Limes sperava non succedesse ma al contempo sapeva benissimo che sarebbe accaduto: ma per quanto fosse pronto, il suo braccio ebbe giusto il tempo di allontanarsi una spanna dal corpo. Anche fosse stato più veloce non avrebbe mai fermato la furia di quel colpo. Sarebbe stato complicato spiegare al Governatore perché avevano giustiziato il condannato durante un festino in gendarmeria.

Ma poi un odore fastidioso quanto inconfondibile venne a distoglierlo dai suoi timori: qualcuno se l'era fatta sotto.

Le braghe di Zuccasicci grondavano liquame marrone, mentre la testa era ancora al suo posto: l'ascia era piantata davanti al suo cranio, distante un dito o poco più.

«Era questo che intendeva, vero? Una prova.»

«Sì, bravo, esattamente questo» balbettò il Capitano. «Ora torna di là.»

Il gigante uscì tranquillo, come se invece di un'ascia avesse appena finito di maneggiare uno scaccia mosche.

Quando Decalisto fu fuori Limes s'abbandonò a un'imprecazione. «Beh, almeno è fatta. Portate via questo disgraziato, ma prima tirategli addosso un secchio d'acqua, che c'è già abbastanza puzza nelle celle.»

Tutti tentennarono e il Sergente gli rivolse un altro di quegli sguardi di rimprovero. «Ci sarebbe ancora... Ulmo» disse consultando il taccuino.

«Chi?»

«Nostro cugino, Capità» aggiunse Polporo.

«Vabbè, dai, vallo a prendere.»

L'appuntato aprì la porta giusto in tempo per sentire nuovamente l'insolito tonfo di un'ascia che cade.

«Ma lasciamo stare, Capità» aggiunse richiudendo la porta «Che noi ci vogliamo bene che è nostro parente, ma io e Martinuzzo c'abbiamo pensato, e il nostro voto lo avremmo dato comunque al gigante, il salleziano.»
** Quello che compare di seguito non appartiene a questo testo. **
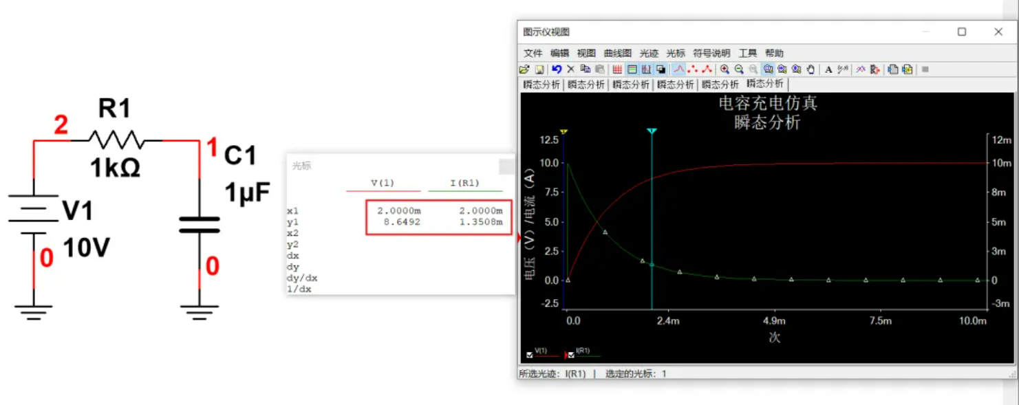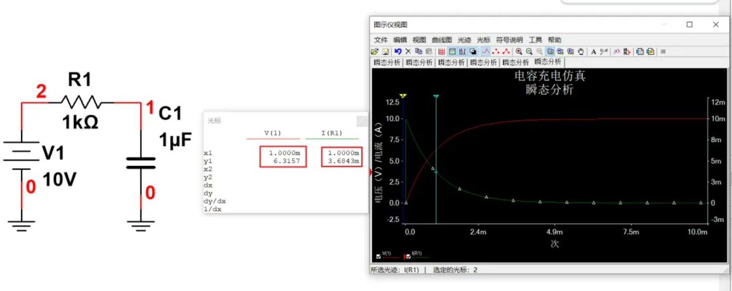 1个时间常数1ms的时间,电容电压充到63%,前半段电容的充电电流还是很大的,此时反推回去1τ下的充电电流为0.37*V1/R1。 绿色的为电容的充电电 流曲线,红色的为电容的充电电压曲线。

Limes non parve sorpreso, ma del resto anche lui aveva già preso la sua decisione. «Bene, quindi: due mezzi punti degli appuntati al salleziano, e fa un voto. Dunque io sono l'ago della bilancia, e il mio punto e mezzo va a Cordo, che quindi è il nostro nuovo boia.»

Ci fu un silenzio, non lungo ma piuttosto eloquente.

Poi il Sergente parlò: «A dire il vero, Capitano, ci sarebbe anche il mio voto.»